Theory of Matrices proof for basis, spanning set, linear independence

Question

Let $V$ be a finite dimensional space, $\dim V=n$, and let the set $s= \{v_1, v_2,..., v_n\}$ in $V$.

1) if $s$ is linearly independent then $s$ is a basis of $V$

2) if $s$ is spanning then $s$ is a basis of $V$

The question is asking to prove this. I am able to show the reverse of the above but I keep getting stuck. I appreciate any help.

Answer 1

For part 1. You can show that if $\{s_1,\ldots,s_n\}$ doesn't generate $V$, then there exist a vector $w\in V $ such that $w$ is not a linear combination of $\{s_1,\ldots,s_n\}$. Then you must show that the set

$$\{s_1,\ldots,s_n,w\}$$ is linearly independent (check this please using that $\{s_1,\ldots,s_n\}$ is l.i. by part 1 hypothesis) and this is a contradiction with $\dim(V)=n$. Then $\{s_1,\ldots,s_n\}$ must generate $V$.

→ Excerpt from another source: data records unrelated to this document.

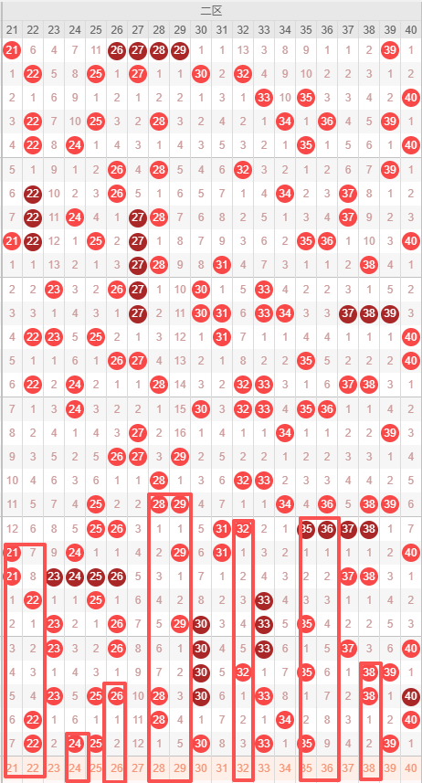 二区:最近二区10期出号情况为:8 5 7 3 6 6 5 8 4 7,总出号情况为59个,平均出号5.9个,本期二区号码推荐:21 22 24 26 28 29 32 35 36 38。重点关注:21 29 32 35 36 38。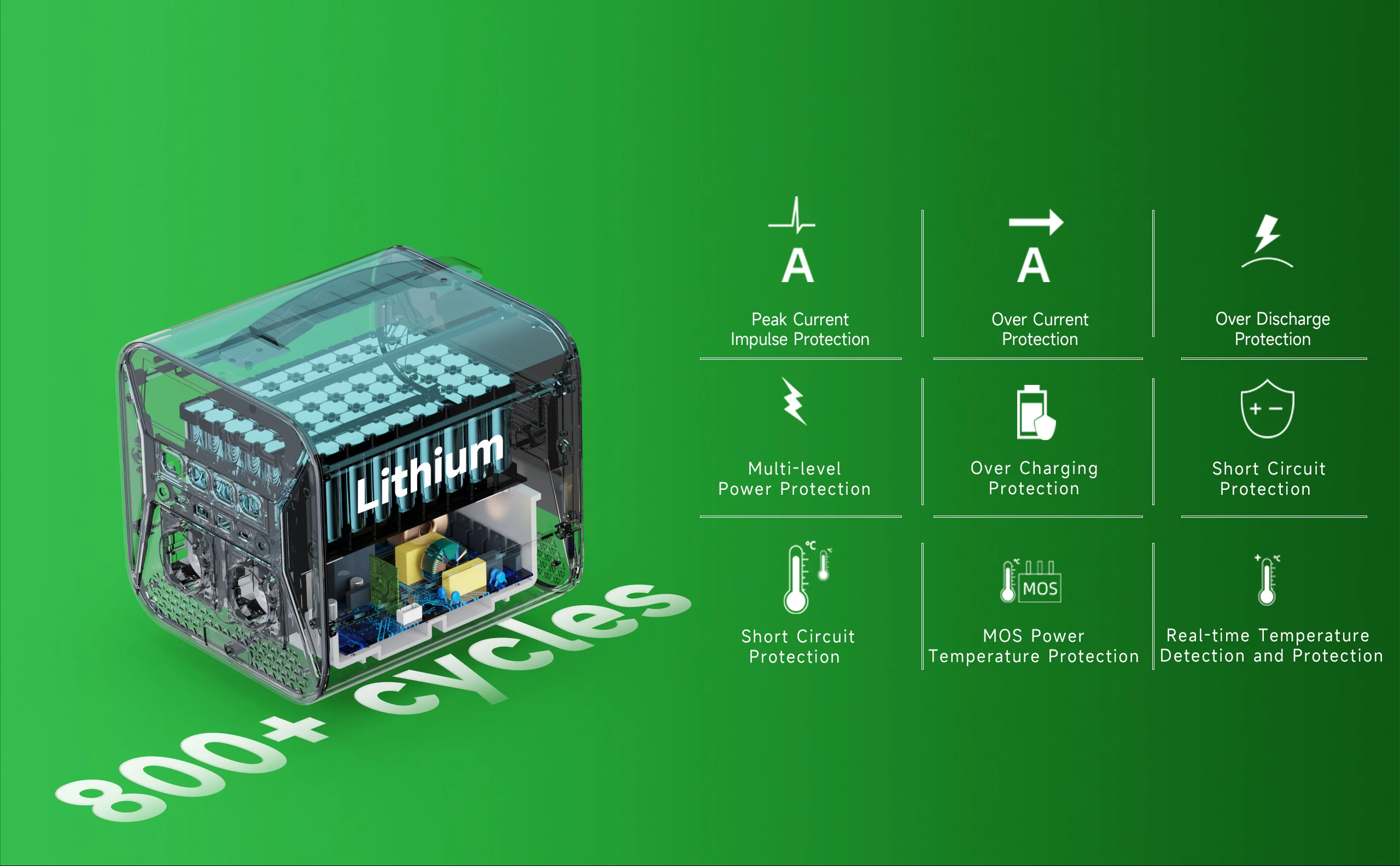 The all powers power station comes with the Battery Management System (BMS), which allows for voltage control, temperature control and more advanced safety operations, keeping your battery running for years.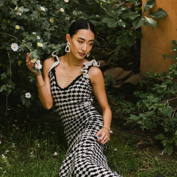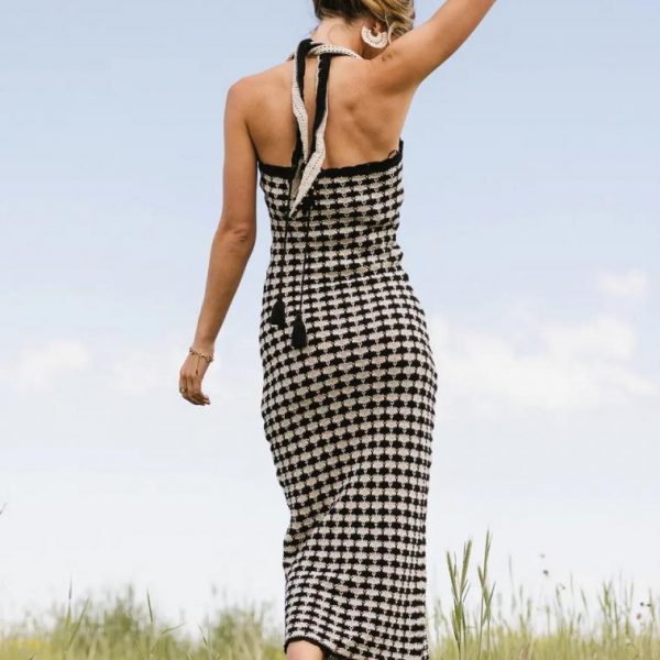 Crocheted Material V Neckline with Scallops Straps with Cinch Tassels Can Be Worn Two Ways: Tied Halter Top Cinched Ruffled Straps  Scalloped Hem Checkered Pattern Stretchy Material 60% Cotton, 40% Acrylic Hand Wash Cold, Hang Dry  We simply cannot get enough of the Amias Crocheted Midi Dress. This dress is so versatile and can easily be dressed up or down. Wear casually with a pair of flats, or stop the show in a formal pair of heels. Model Info Height: 5’7″ Wearing Size: Small
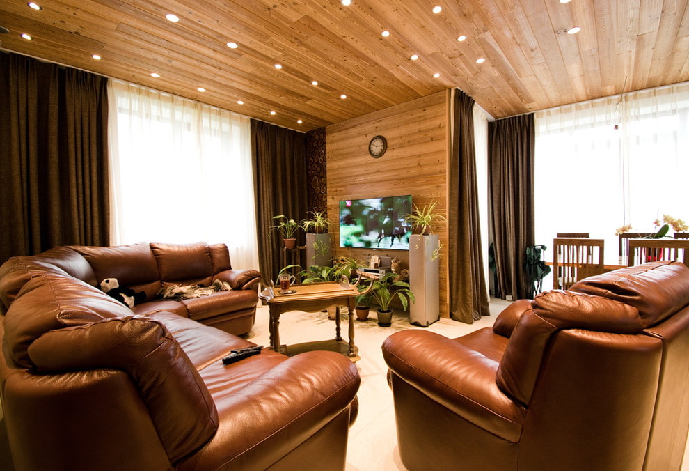 - Equally important is the competent organization of lighting that affects the atmosphere in the room. Large windows in a private home provide ample natural light. If the installation of panoramic window openings is impossible, you need to equip the room with additional lighting sources.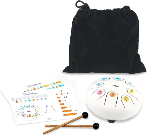 Die Trommel ist in C-Dur gestimmt und ermöglicht es Kindern, musikalische Fähigkeiten auf unterhaltsame Weise zu erlernen. Sie enthält speziell entwickelte Noten, die das Spielen bekannter Melodien erleichtern und das Lernen unterstützen. Es ist ein ideales Instrument nicht nur für Entspannung und Meditation, sondern auch für die musikalische Entwicklung von Kindern.
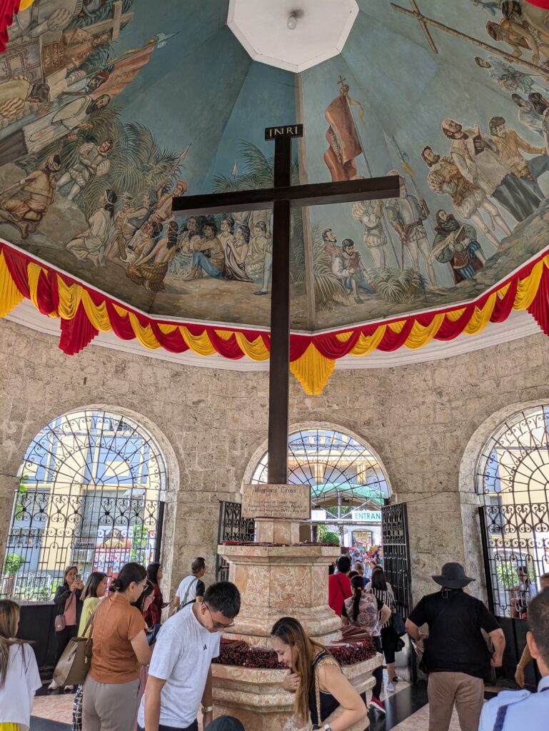 Now we continue on our venture tour of Cebu. The fifth stop was statue of Jose Rizal. Rizal is a Filipino “forefather,” so to speak. His writings helped advocate political reform and Philippine Independence. He was executed by a Spanish firing squad because of his writings that inspired the Philippine Revolution. Next and sixth was Magellan’s Cross. It is a covered pavilion with a wooden cross that is supposed to encase the original cross Magellan planted in 1521. It was a very busy site. Seventh and the last of our tour. Basilica Minore del Santo Nino. It was just before 1400 and the church was filling up. It was large inside, had a huge back-lit altarpiece, and had high vaulted ceilings painted with various depictions of Philippine history. We walked about the building and exited back through the main entry.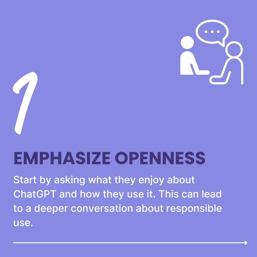 - Be curious about usage: Ask your child, “What do you enjoy about ChatGPT?” and “How do you like to use ChatGPT?” to understand what draws them to use this tool.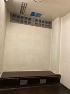 A dungeon cell in Paddington Green Metropolitan Police Station. Under the provisions of the “Prevention of Terrorism Act” (sic), Irish people were kept in cells like this for up to five days (sometimes longer) without access to solicitor, family or friends, interrogated and often brutalised. (Photo source: Protesters who occupied the empty building recently — go raibh maith agaibh!)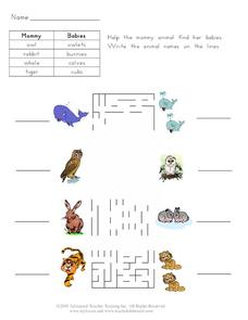 Looking for an ESL worksheet on animals? In this one, learners complete mazes helping the mommy animal find her babies. They write the names of the mommy animals and baby animals next to their pictures. A chart is included with the...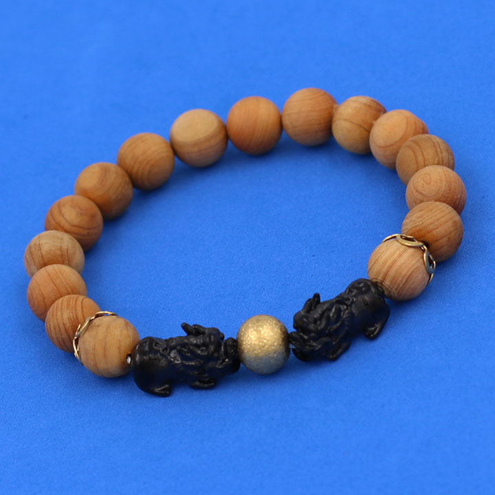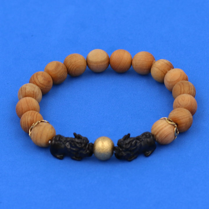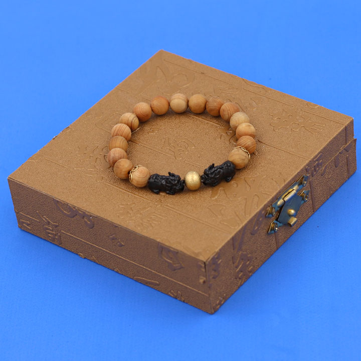 Vòng đeo tay Gỗ Ngọc Am - Vòng tay Tỳ Hưu Đôi inox đen VGNATHHEV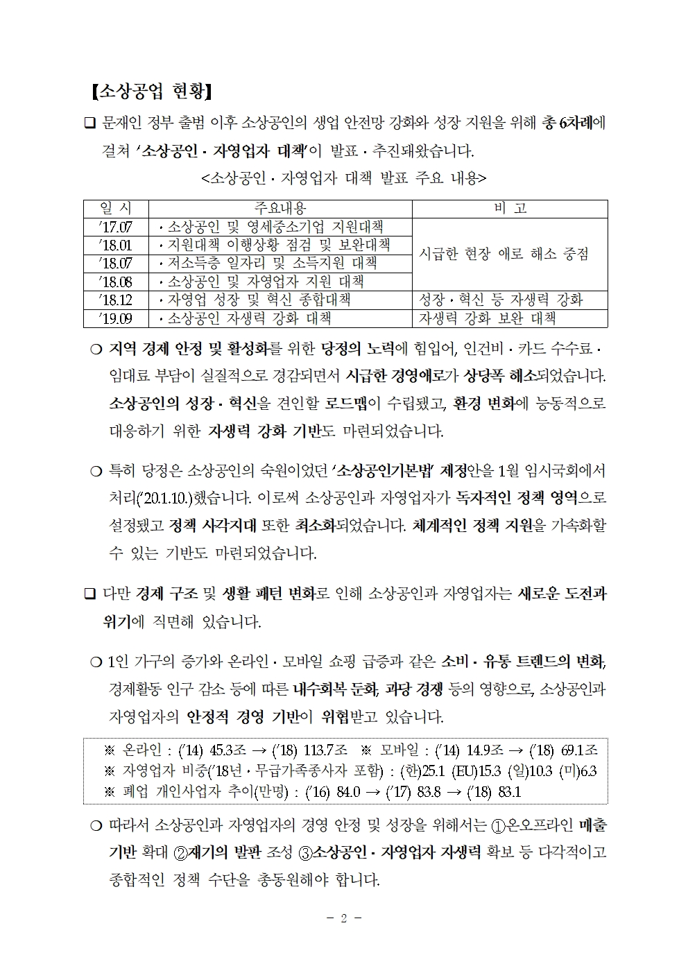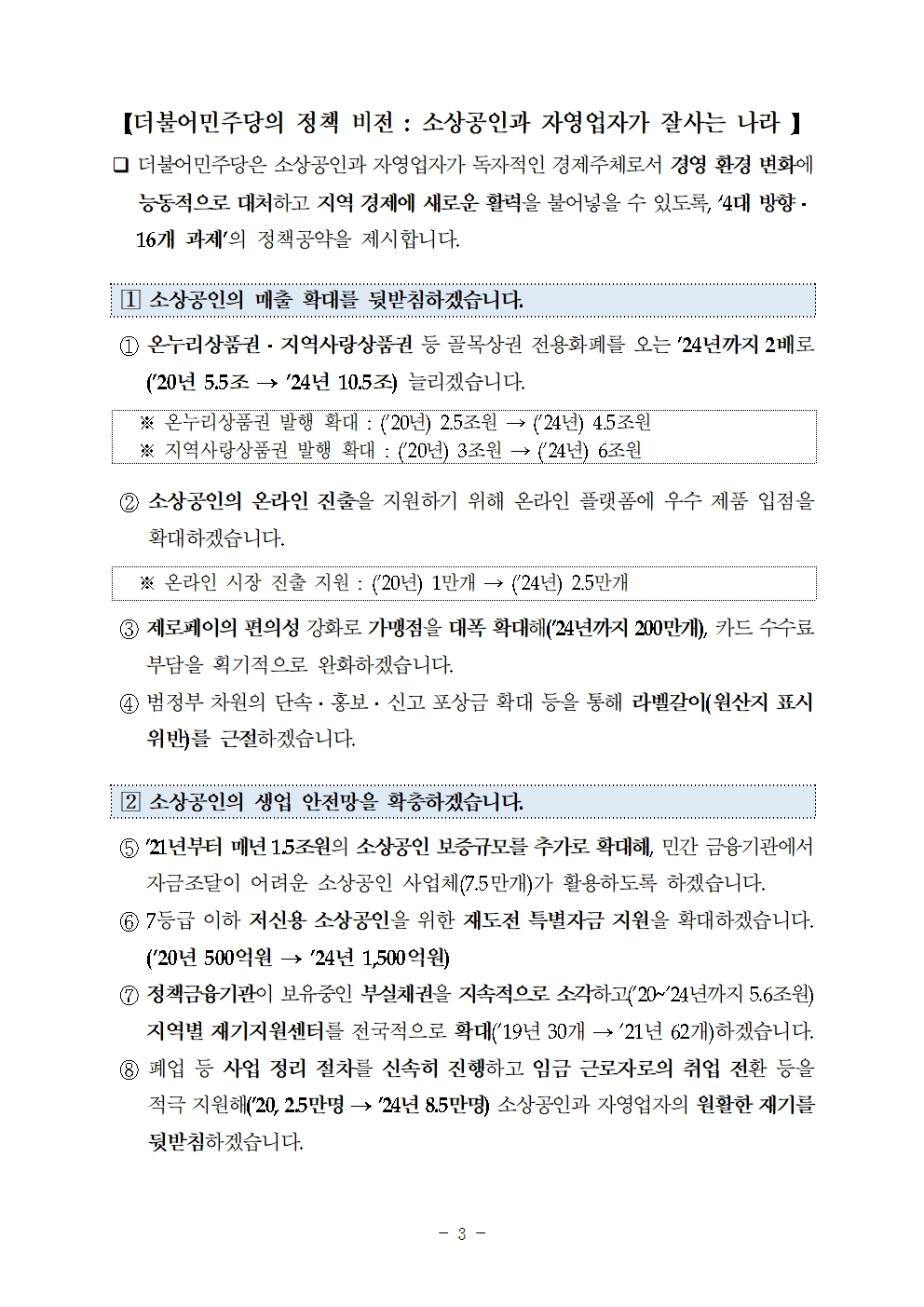 [총선공약] 소상공인과 자영업자가 잘사는 나라! 민생활력 제고 총선공약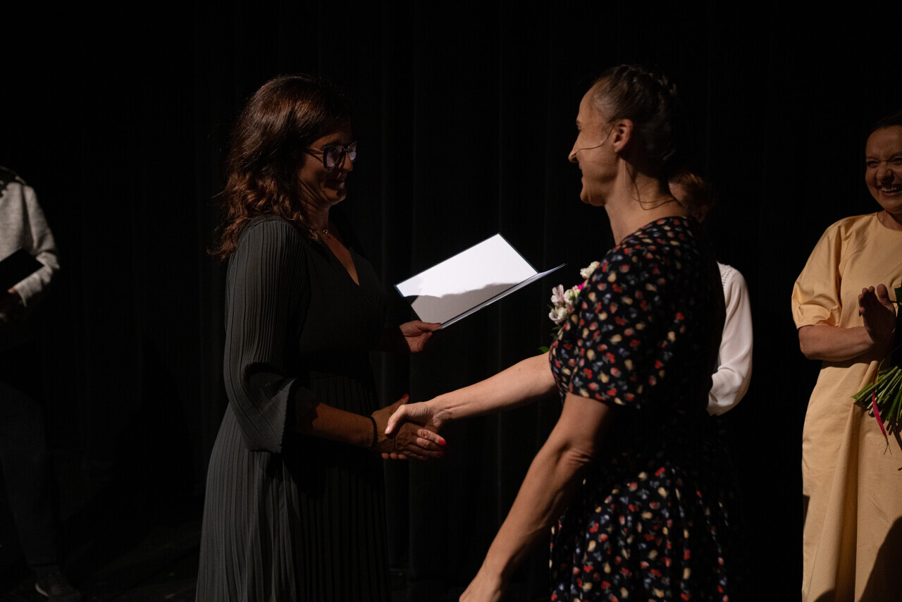 Gdańsk, Teatr Wybrzeże. Rozdanie nagród Prezydent Miasta Gdańska Aleksandry Dulkiewicz w dziedzinie kultury artystom Teatru Wybrzeże przed spektaklem "Potop".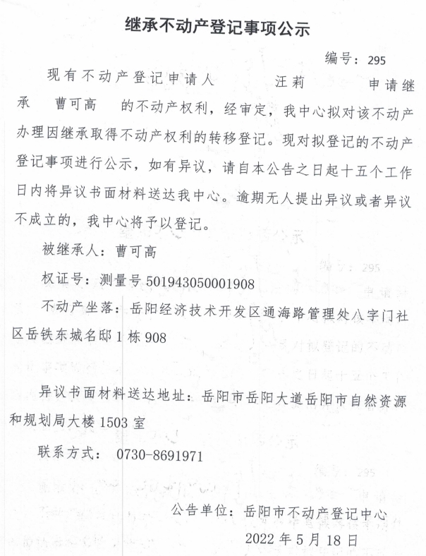 继承不动产登记公示 编号:汪莉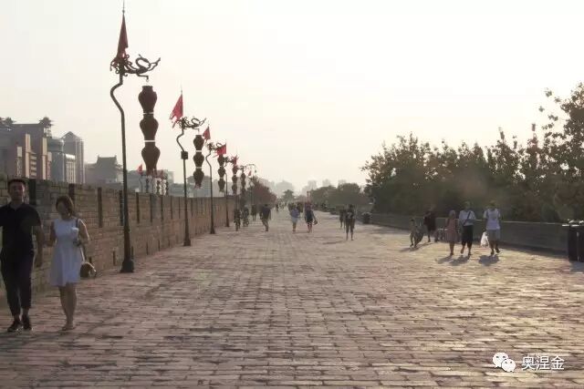 “傍晚去了城墙古城墙(明城墙),它有四个门,长乐门(东),永宁门(南),安定门(西),安远门(北),合称长安永定。导游后来说,我们从南门上市正确的,因为古时有客远来,就是在南门举行的迎宾礼。我们没租自行车,也没逛完。”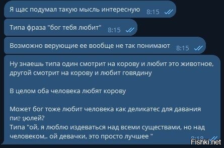 Я не воспринимаю религиозные россказни всерьез. Для меня они сродни историй про зомби, леших, зубной феи, человека-паука и такой подобной чепухи. Рассуждать всерьез о мифологических байках смешно. Строить логические цепочки рассуждений и объяснений на основе библейских баек глупо и неразумно. Но было интересно, да. Удачи
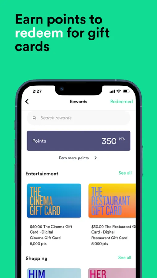 Plus, you get rewarded for using 1bill. The more bills you manage in the app, the more points you earn which can be redeemed for gift cards.

In general. If $k\leq\dim (V)$ and $\{v_1,\ldots,v_k\}$ is a linearly independent set of vectors in $V$. Then the set ontained adding a vector $w\in V$ that is not a linear combination of $\{v_1,\ldots,v_k\}$ is always linearly independent.

Also. You can show the following: If a set of $m$ vectors $\{u_1,\ldots,u_m\}$ generate a vector space $V$, then any linearly independent set of vectors in $V$ doesn't contain more than $m$ elements. You can use this for part 2.